Et pas d’intrants chimiques. Le couple préfère développer l’agroforesterie, comme certains de leurs collègues en Uzège, c’est-à-dire planter des arbres autour et au sein des cultures pour favoriser la présence d’oiseaux et d’insectes, alliés de l’agriculteur. « Certains oiseaux ont besoin d’arbres tous les 30 mètres. Lorsqu’il n’y en a pas, cette biodiversité est absente pour lutter contre les ravageurs, développe l’agriculteur. L’agroforesterie permet de remettre de la vie dans les champs. »
Et selon lui, pour y parvenir, l’enjeu est de diversifier à nouveau les cultures dans notre département. « Il y a beaucoup trop de vignes dans le Gard et pas assez de maraîchage », estime-t-il. La conséquence de décennies de choix économiques et de filières que Roland Prosper, exploitant agricole de Saint-Quentin-la-Poterie désormais retraité, a constaté : « J’avais une exploitation en polyculture avec des asperges, des cerises, des abricots, des légumes de plein champ et des vignes, et jusqu’à 1995, le chiffre était de 50 % pour les vignes, 50 % pour le reste. Quand j’ai arrêté en 2013, c’était 95 % pour la vigne. »

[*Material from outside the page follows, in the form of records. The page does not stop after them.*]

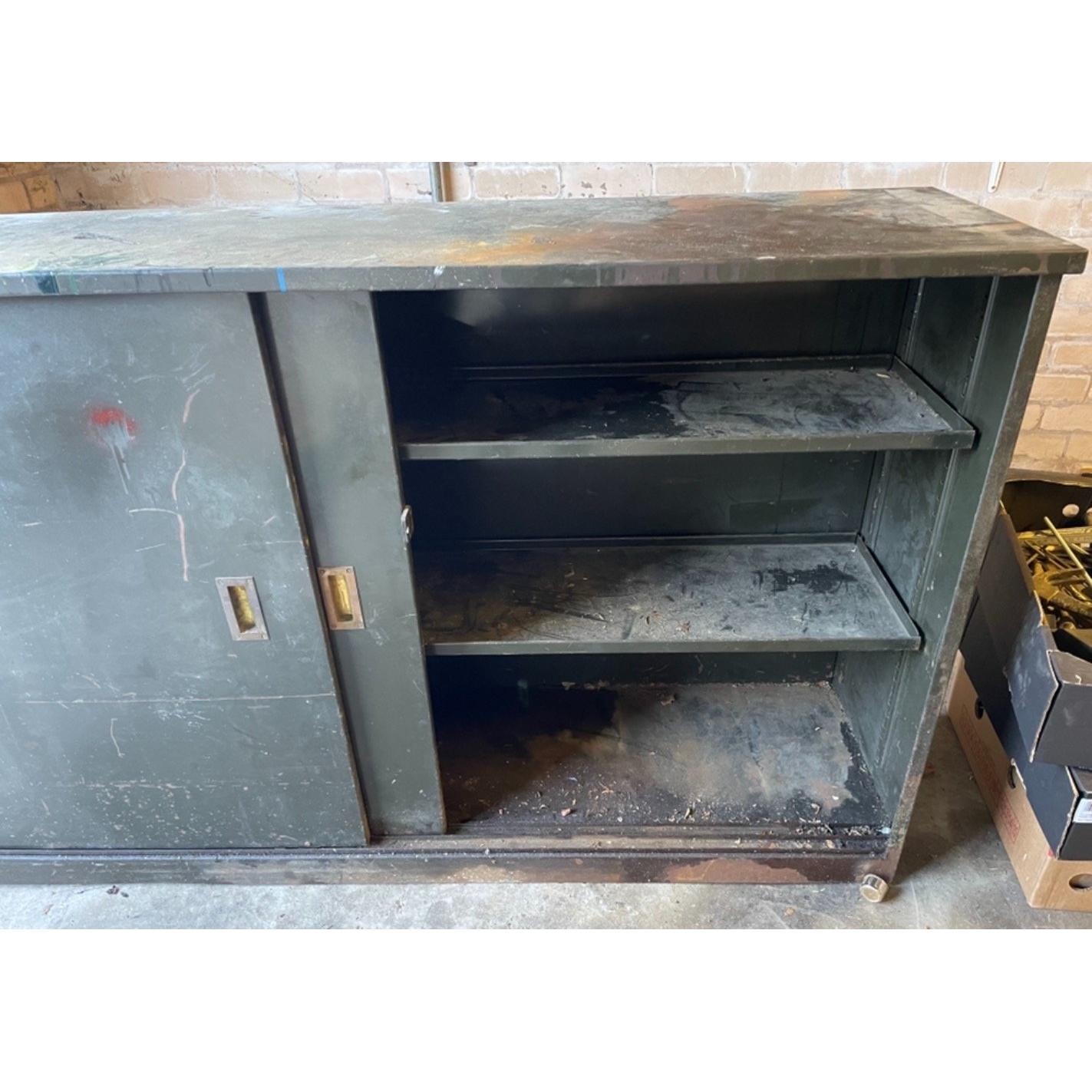 A nice DECORATIVE COMMERCIAL c1950's solid green factory painted metal two door cabinet with six removable shelves- dimensions 6ft x 18" x 4ft in height
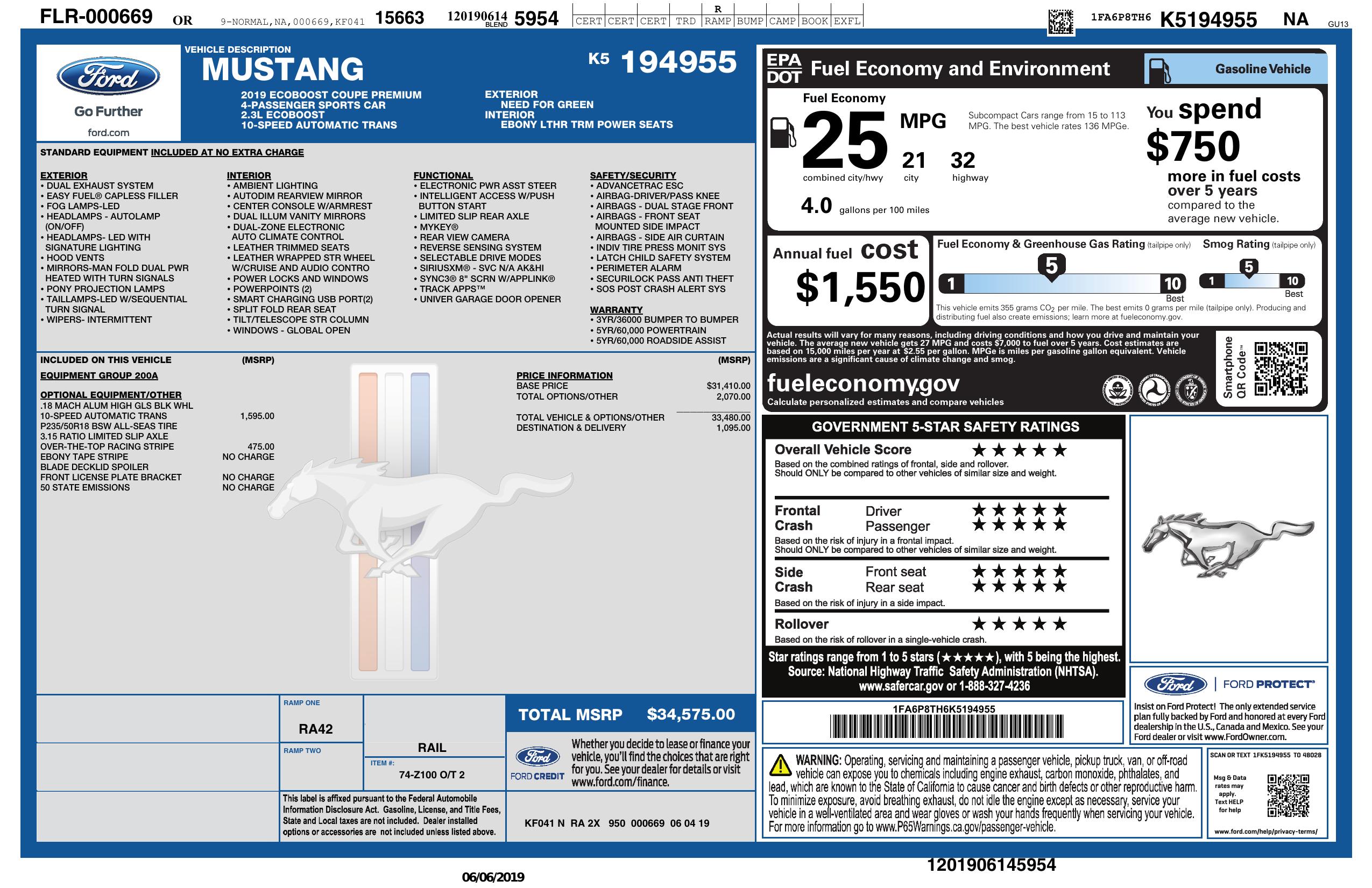 2019 Ford Mustang Eco Boost Premium 2dr Fastback
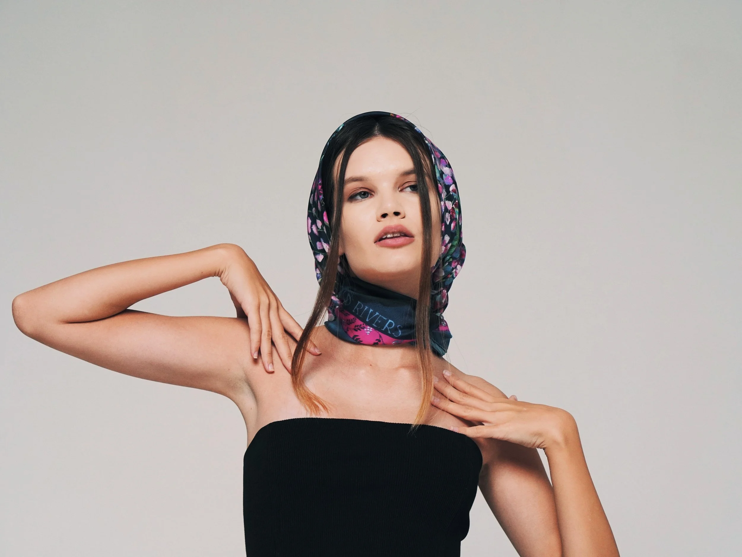 A woman with long brown hair wearing a colorful headscarf and black tube top, striking a pose with hands on her shoulders against a plain background.
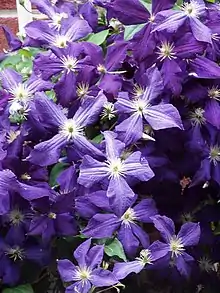 Clematis 'Jackmanii' is a Clematis cultivar which, when it was introduced in 1862, was the first of the modern large-flowered hybrid clematises of gardens. It is a climber with large violet-purple blooms, still among the most familiar climbers seen in gardens. It was produced from crosses made by the prominent nurseryman George Jackman (1837–1887),[1] of Jackman & Sons, Woking, Surrey.
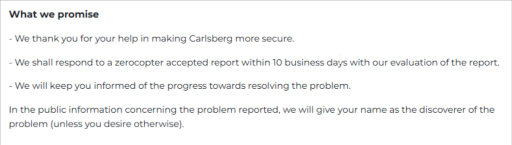 The Carlsberg Vulnerability Disclosure Policy reads well and encourages disclosure through Zerocopter. They have a list of promises about keeping in contact and even have a cool Hall of fame where they list previous researchers who have disclosed vulnerabilities. Unfortunately, I don’t think I’m going to be on that list…

Un vrai sujet, alors que la tendance est au retour de la consommation maraîchère locale. Un vrai sujet aussi, car il dit quelque chose du partage des campagnes, thème prégnant qui sera développé lors de la 19e fête de la Confédération paysanne le 2 octobre à Garrigues-Sainte-Eulalie. Partage entre chasseurs et randonneurs, mais aussi agriculteurs, riverains… Si à Montaren, le problème ne se pose pas vraiment, c’est loin d’être le cas partout. « Le vivre ensemble est une problématique. D’autant que les mentalités ont évolué pendant le confinement », note la conseillère régionale et viticultrice, Aurélie Génolher.
Notamment sur la question de l’eau, pas facile non plus, et la conciliation d’usages parfois antagonistes. Rémi Balmassière et Sophie Mazon ont la chance d’avoir un forage dans la gigantesque nappe de l’Uzège, mais restent très économes avec un système alimenté par une pompe solaire. Néanmoins, comme tous leurs homologues, ils ont dû cet été demander des dérogations aux services de l’État pour arroser, et la quantité d’eau accordée était bien trop faible. « C’est aberrant, heureusement qu’il a plu », grince l’agriculteur. « Cette démarche est superflue, nous demandons pour les maraîchers le droit à pouvoir utiliser la même quantité moyenne que l’année précédente pour garantir la souveraineté alimentaire du territoire », développe Paul Ferté. Mais c’est une autre histoire : l’eau sera le sujet de la fête de la Conf’ en 2023.